The best phrases do two things at once: they create a short pause and signal the structure of the answer you are about to give.
Useful phrases for different interview moments
| Scenario | What to say | Why it works |
|---|---|---|
| Behavioral question | Let me use the example that best shows how I approached that. | Buys time while signaling that a specific story is coming. |
| Unexpected follow-up | Let me think about the clearest way to answer that follow-up. | Shows you are adjusting, not panicking. |
| Technical reasoning | I will talk through how I would break this down first. | Lets you think out loud without sounding vague. |
| Multi-part question | I would split that into two parts, and start with the first one. | Creates structure immediately and reduces overload. |
How to pause professionally instead of awkwardly
Name your intention
Use one sentence that tells the interviewer you are organizing your answer, not searching blindly.
Choose the frame out loud
Say how you will answer: one example, two parts, or the core tradeoff. This instantly makes you sound more deliberate.
Start before the pause grows
Do not wait for a perfect answer. Once you have your opening line and one example, begin.
Avoid turning a short pause into a confidence problem
Do not stack filler like um, honestly, or I am not sure. One clean transition is enough. After that, move into the answer.
Phrases to avoid
- Sorry, I am blanking right now.
- I do not really know how to answer that.
- This is hard. Give me a second.
- Um, let me think, I guess maybe...
Adjust your pause to the interview format
In video interviews, a calm pause reads better if you keep eye contact and start with a direct phrase.
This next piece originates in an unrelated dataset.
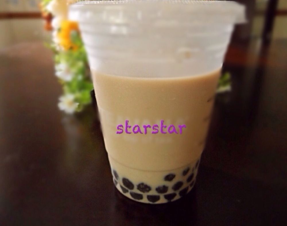做好的一杯珍珠奶茶,这种家常的杯子看不见珍珠。
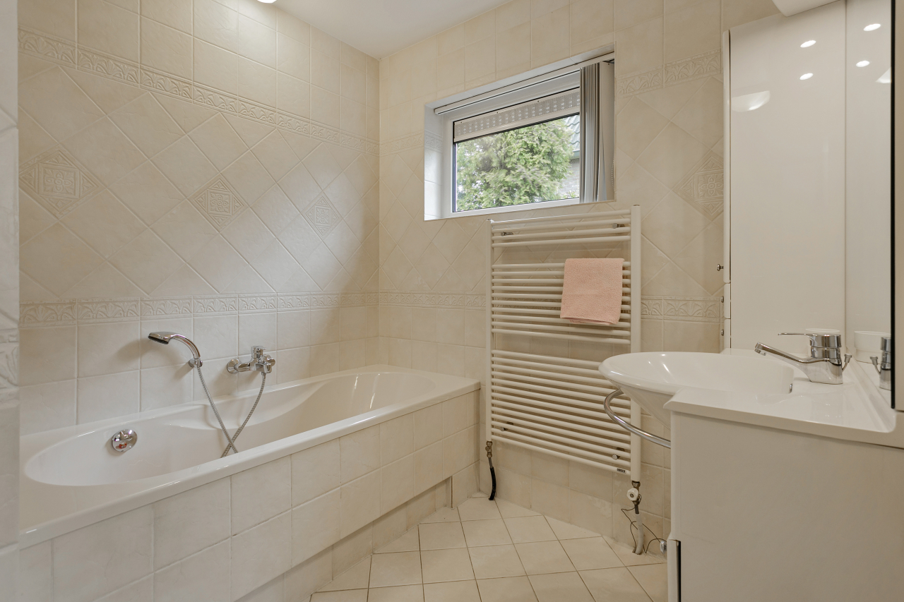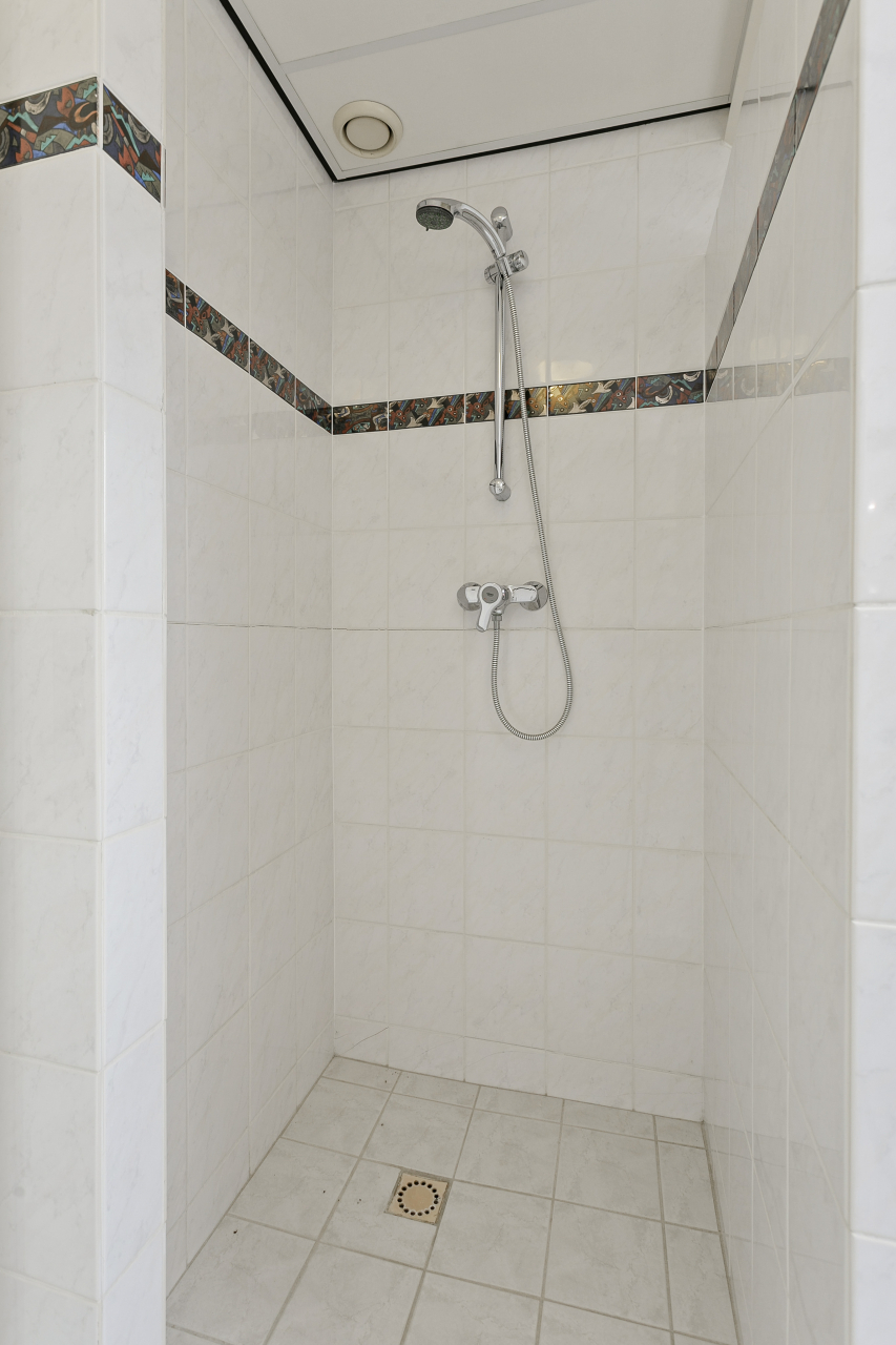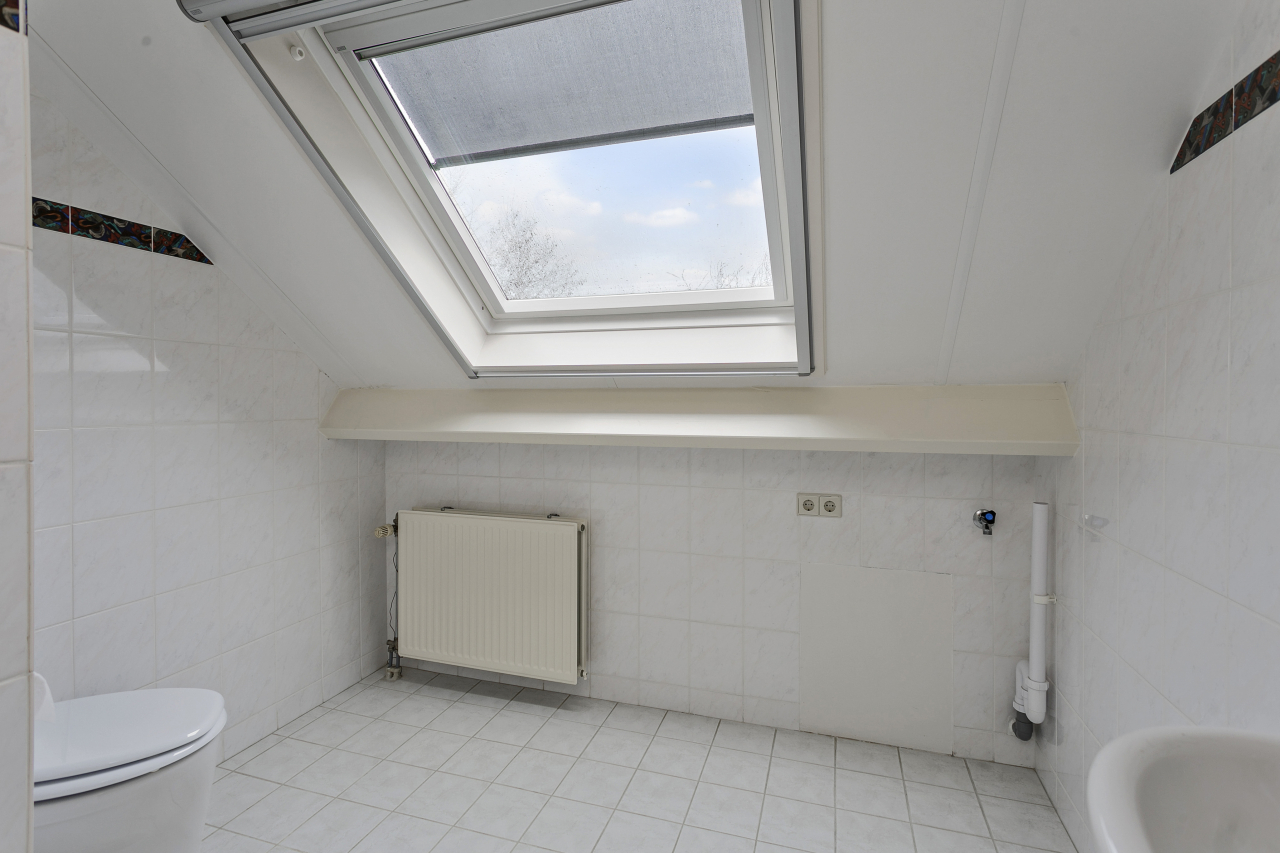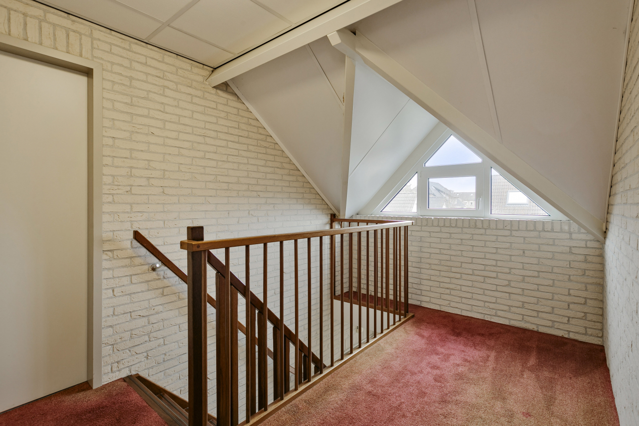 De 1e verdieping is vanuit de hal bereikbaar. Opvallend is de puntvormige dakkapel op de ruime overloop die zorgt voor extra ruimte en licht. Aan de overloop liggen 2 royale slaapkamers en de 2e badkamer. De rechter slaapkamer is voorzien van vloerbedekking, 2 grote dakramen en bergruimte achter de knieschotten. De 2e badkamer, tevens volledig betegeld is voorzien van een wastafel, inloop douche, groot dakraam en 2e toilet.

In phone interviews, short verbal signposts matter more because the interviewer cannot see your expression.
In live interviews, use a brief transition and begin with the framework itself. For example: I would answer that with one recent example from my last product launch. That line both buys time and starts the answer.
"You do not need to sound instantly perfect. You need to sound composed enough to think clearly in public."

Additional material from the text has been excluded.